__Task to complete__: Print exactly the lines below between the line holding "04 甘肃:2025年职工基本养老保险缴费基数下限4403元/月" and the line holding "MOFASVIGI Zaino trasparente", inclusive, and nothing more.

__Data provided__:
★ ★ ★ ★ ★
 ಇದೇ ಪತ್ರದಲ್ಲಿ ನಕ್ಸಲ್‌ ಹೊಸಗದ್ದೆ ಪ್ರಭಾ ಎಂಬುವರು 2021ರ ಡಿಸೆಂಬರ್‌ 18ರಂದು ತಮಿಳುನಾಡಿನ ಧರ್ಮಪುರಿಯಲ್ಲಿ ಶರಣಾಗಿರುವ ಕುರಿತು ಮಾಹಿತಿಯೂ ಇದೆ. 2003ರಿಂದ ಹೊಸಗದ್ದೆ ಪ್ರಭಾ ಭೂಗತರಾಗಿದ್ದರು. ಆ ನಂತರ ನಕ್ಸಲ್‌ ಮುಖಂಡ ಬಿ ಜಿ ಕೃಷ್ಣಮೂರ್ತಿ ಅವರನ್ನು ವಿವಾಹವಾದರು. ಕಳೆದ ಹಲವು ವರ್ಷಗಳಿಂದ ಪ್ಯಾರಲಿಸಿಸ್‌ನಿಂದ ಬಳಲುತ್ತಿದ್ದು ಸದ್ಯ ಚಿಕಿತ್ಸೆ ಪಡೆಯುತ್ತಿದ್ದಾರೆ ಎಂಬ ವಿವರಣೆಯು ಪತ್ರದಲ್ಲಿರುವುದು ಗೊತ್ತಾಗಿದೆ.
★ ★ ★ ★ ★
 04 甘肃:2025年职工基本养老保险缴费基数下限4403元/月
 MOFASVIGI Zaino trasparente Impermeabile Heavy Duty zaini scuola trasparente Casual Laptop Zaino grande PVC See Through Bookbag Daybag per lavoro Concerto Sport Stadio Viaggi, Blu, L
★ ★ ★ ★ ★
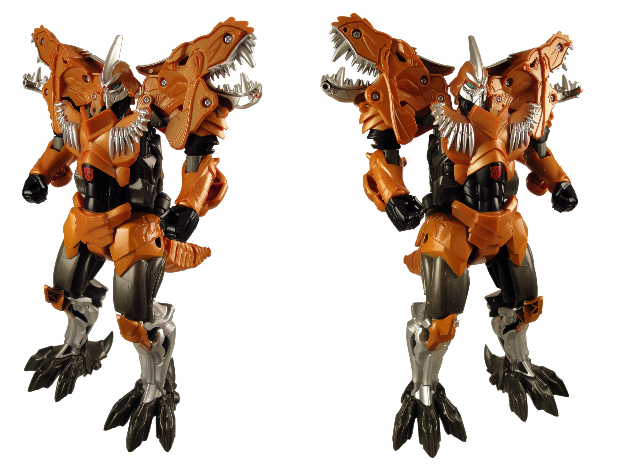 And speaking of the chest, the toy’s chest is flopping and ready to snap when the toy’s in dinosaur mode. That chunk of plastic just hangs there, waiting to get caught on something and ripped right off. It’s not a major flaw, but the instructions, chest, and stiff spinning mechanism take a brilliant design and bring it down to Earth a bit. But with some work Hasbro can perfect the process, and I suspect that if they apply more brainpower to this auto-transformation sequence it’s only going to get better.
★ ★ ★ ★ ★
__Solution to the exercise__:
 04 甘肃:2025年职工基本养老保险缴费基数下限4403元/月
 MOFASVIGI Zaino trasparente Impermeabile Heavy Duty zaini scuola trasparente Casual Laptop Zaino grande PVC See Through Bookbag Daybag per lavoro Concerto Sport Stadio Viaggi, Blu, L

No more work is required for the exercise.